Explore Cuba’s Biodiversity at the American Museum of Natural History’s New Cuba Exhibit 

The Cuban National Museum of Natural History (Museo Nacional de Historia Natural de Cuba, MNHN) is collaborating with the American Museum of Natural History (AMNH) on research, education, and exhibitions to further the aims put forth in the Memorandum of Understanding signed on July 9th, 2016 in Havana.

The American Museum of Natural History announced that the first undertaking in the name of the Memorandum of Understanding will be a bilingual exhibition, ¡Cuba!, that explores the biodiversity and culture of the Caribbean island nation. The exhibition is set to open on November 21st, 2016 and run until August 13th, 2017.

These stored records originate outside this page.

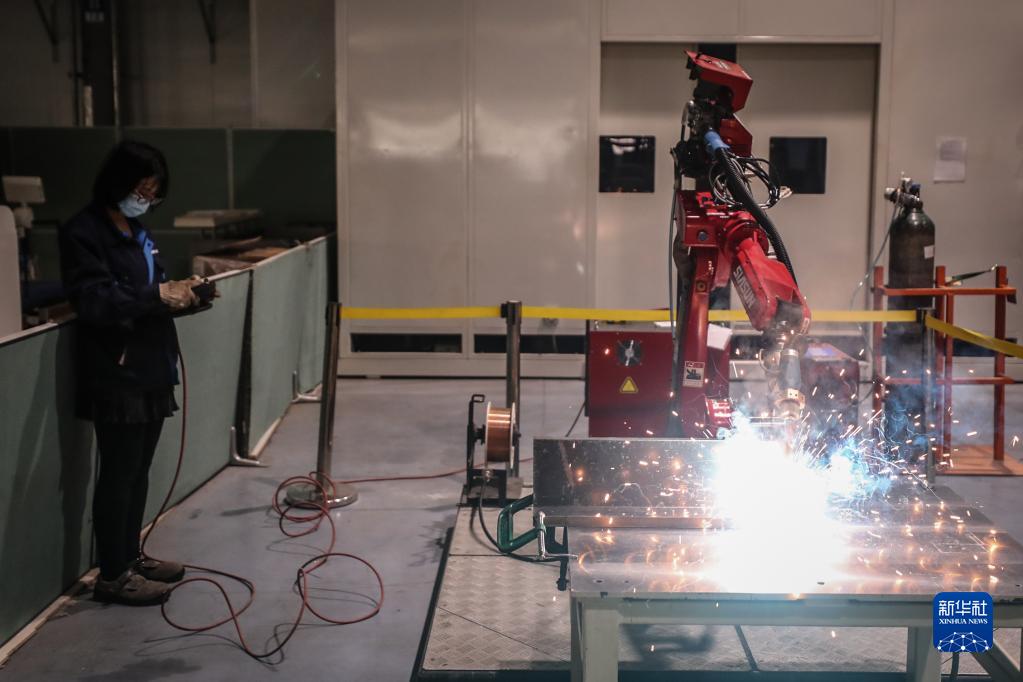 4月28日,新松机器人自动化股份有限公司的工作人员在生产车间内调试机器人。
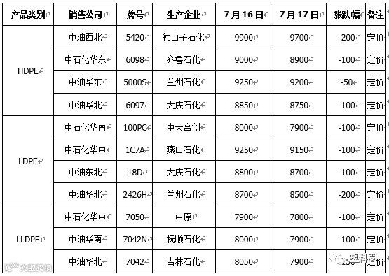 表2 石化出厂价格调整一览表(单位:元/吨)
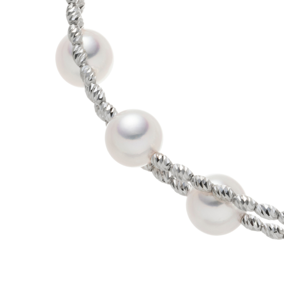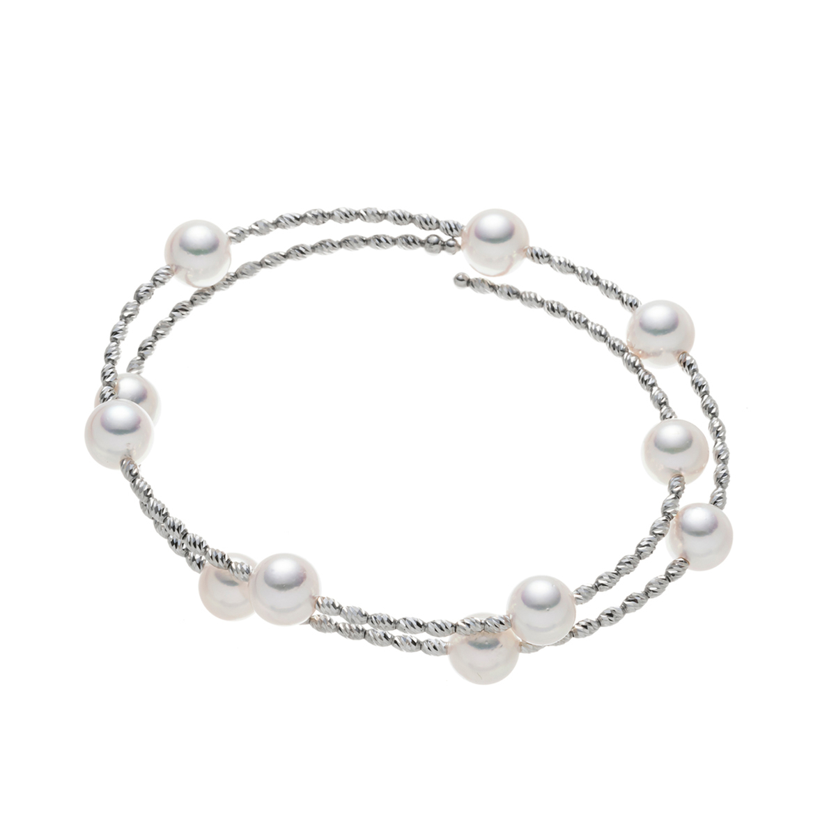 アコヤ真珠の花珠の中でも、真珠科学研究所が特に高品質と認めた"天女"のバングル。7.0mmUP珠を11珠使い、煌びやかなパーツと組合せて華やかな雰囲気にお仕立てしました

¡Cuba! exhibitions are designed to not only be informative, but immersive—recreating Cuban environments for visitors who haven’t yet had an opportunity to visit Cuba itself. ¡Cuba! high points include: a recreated Cuban cave where guests can study the fossils of extinct species such as Megalocnus rodens, a giant ground sloth that once populated Cuba; a recreation of the Zapata wetlands, a national park we visit on both our Western Cuba Kayaking and National Parks of Cuba tours, is where the endangered Cuban crocodile lives; and live reptiles and amphibians such as lizards, frogs, and Cuban boas.

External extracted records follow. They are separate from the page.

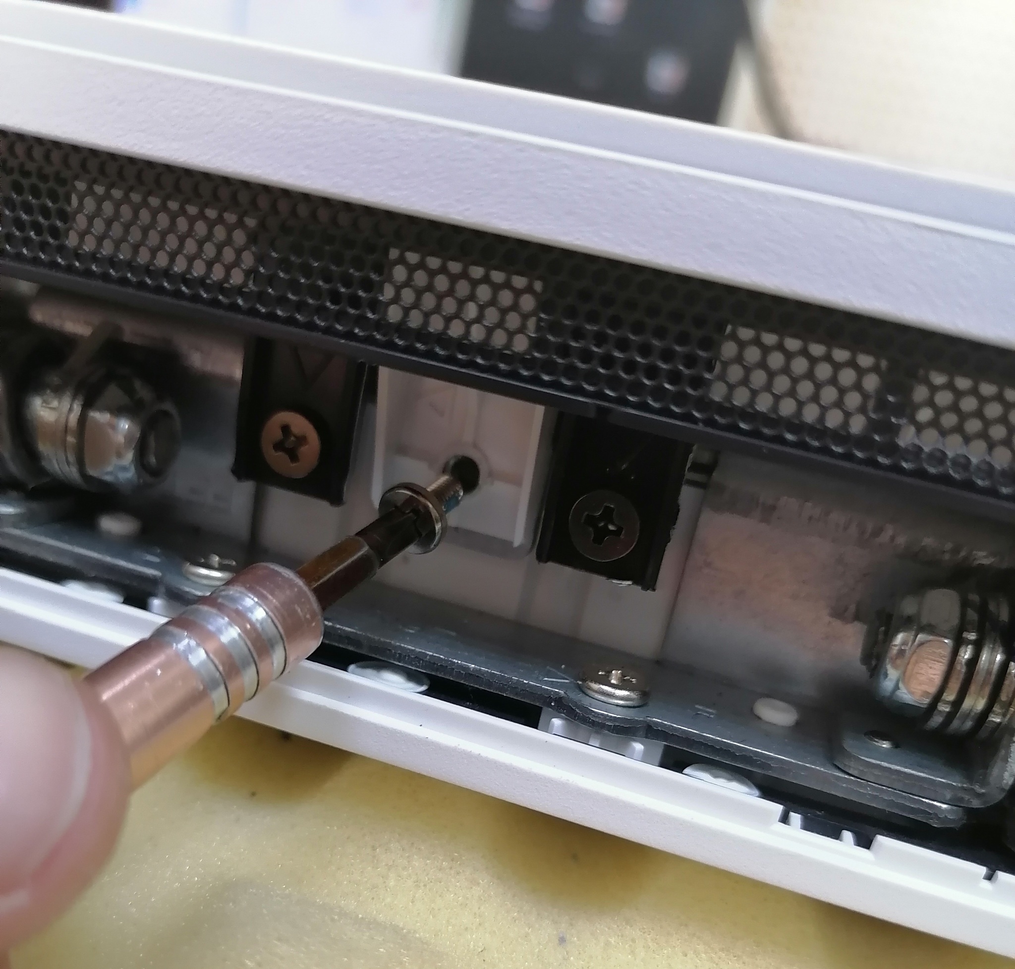 Достаем ножку с ее законного места и выкручиваем еще винт крепления передней заглушки.
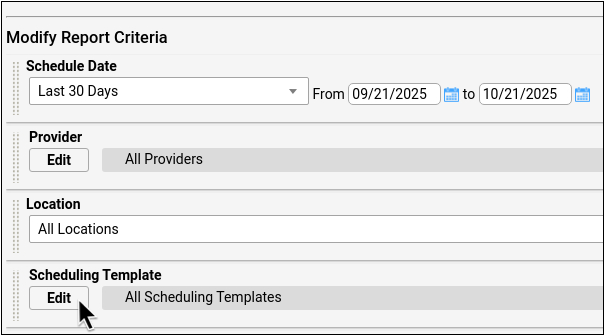 Scheduling Template: The scheduling template is set in the Scheduling Template tab of the Provider Hours tool and holds all painted areas on your appointment book screen. Your providers may have several custom templates with variations of sick vs. well visits that are based on the time of year, day of the week, or other factors. You can include all templates in this report for a bigger picture, or choose specific templates to focus on.
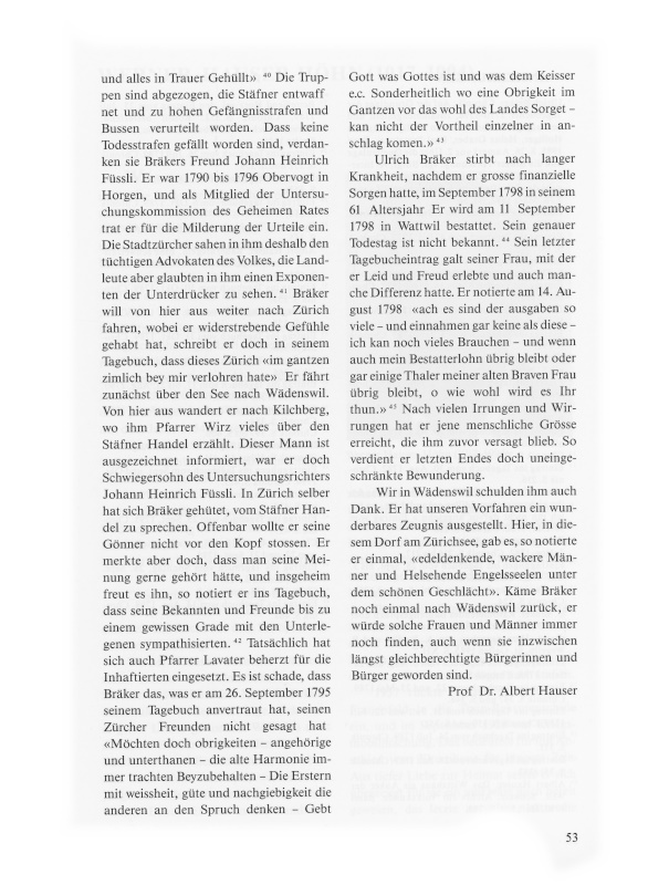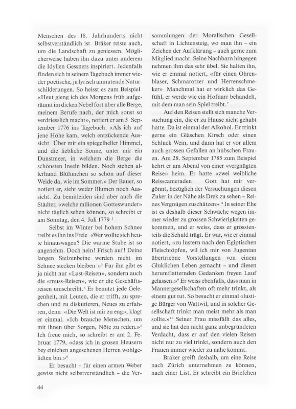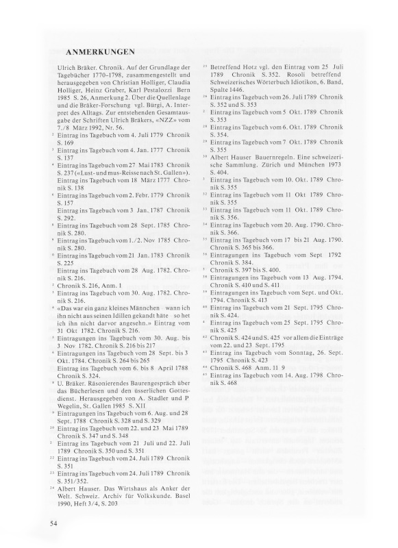 1 Ulrich Bräker. Chronik. Auf der Grundlage der Tagebücher 1770–1798, zusammengestellt und herausgegeben von Christian Holliger, Claudia Holliger, Heinz Graber, Karl Pestalozzi. Bern 1985, S. 26, Anmerkung 2. Über die Quellenlage und die Bräker-Forschung: vgl. Bürgi, A. Interpret des Alltags. Zur entstehenden Gesamtausgabe der Schriften Ulrich Bräkers, «NZZ» vom 7./8. März 1992, Nr. 56.
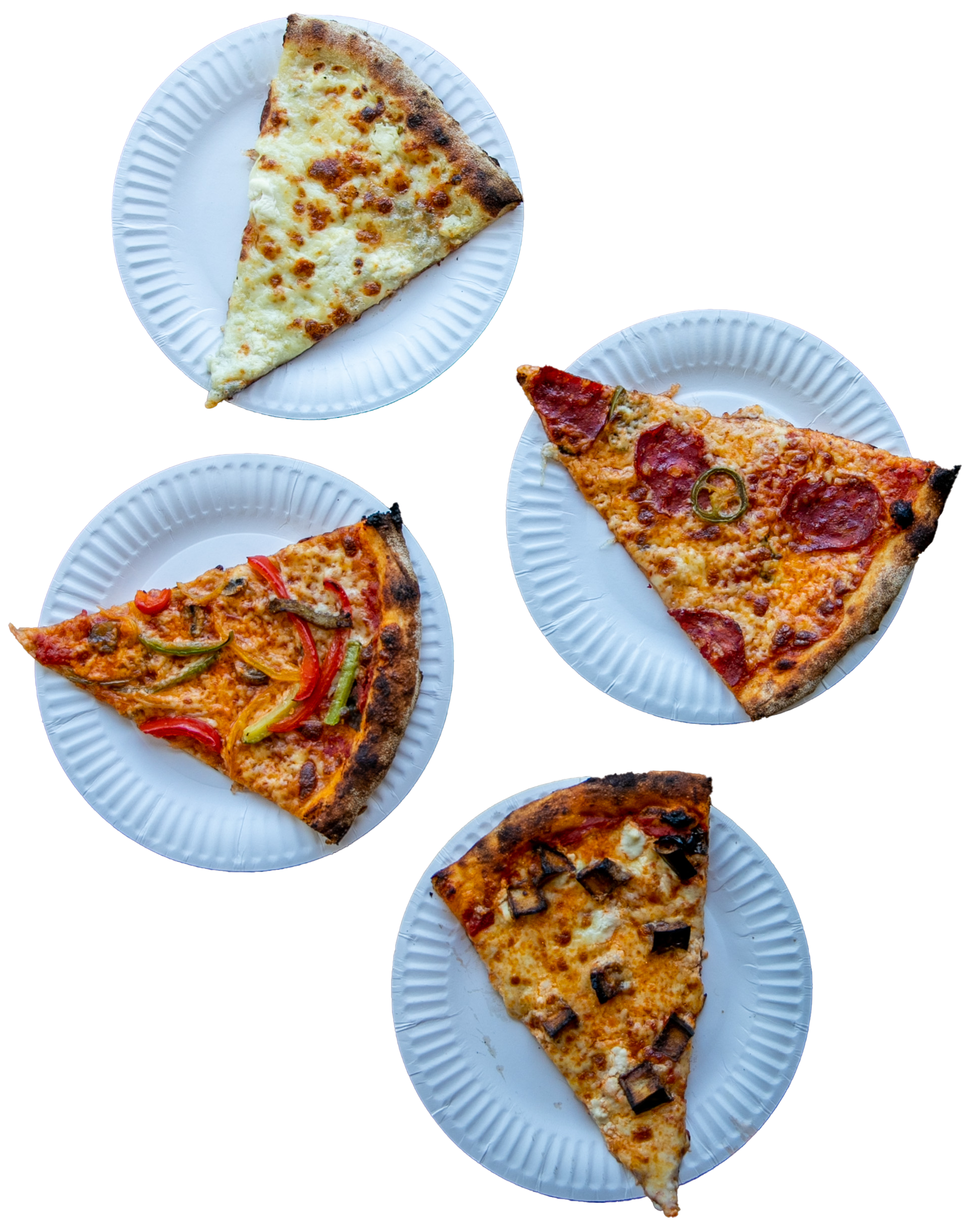 House-made tomato sauce, mozzarella, parmesan, basil, olive oil, red, yellow & green peppers, onions, zucchini, mushrooms, eggplant

The animals and landscapes don’t get all the attention in the Cuba exhibit, and Cuban culture and daily life will be explored as well. Exhibitions exploring Cuban music, celebrations such as Revolution Day, art, food, and tobacco farming will also be included. Visitors will be able to walk down a boulevard where Cuban “street-life” is thrumming and not simply on display, but in action.  

¡Cuba! will showcase decades worth of collaborative research. Though the Cold War chilled U.S.-Cuba relations, researchers from the AMNH and their Cuban counterparts continued to collaborate on their scientific pursuits. A collaborative Cuban-U.S. team spotted the ivory-billed woodpecker, thought to be extinct, in 1986; a different joint team spent a decade excavating extinct monkey fossils starting in 1989. For Cuba and the U.S., science has always trumped politics.

One of the latest collaborative endeavors was the 2015 expedition to the Humboldt National Park. Located in eastern Cuba, where our Eastern Cuba Kayak tour, Kayaking in the Wake of Christopher Columbus, takes place, Humboldt National Park is a UNESCO World Heritage Center and the largest, least disturbed forest in Cuba.

The Humboldt National Park expedition was part of the AMNH’s Explore21 initiative, and the groundbreaking research and video footage will be included in the Cuba exhibit. Can’t wait? Podcasts are currently posted up on the AMNH website and available for an early preview.

Cuba is a paradise—for natural history, for scientists seeking new discoveries, and for adventure seekers. If you can’t make it to the real Cuba this year, checking out the AMNH’s Cuba is the next best thing. It’s an exciting exhibition of Cuba’s biodiversity and rich culture—as well as the power of cultural collaboration.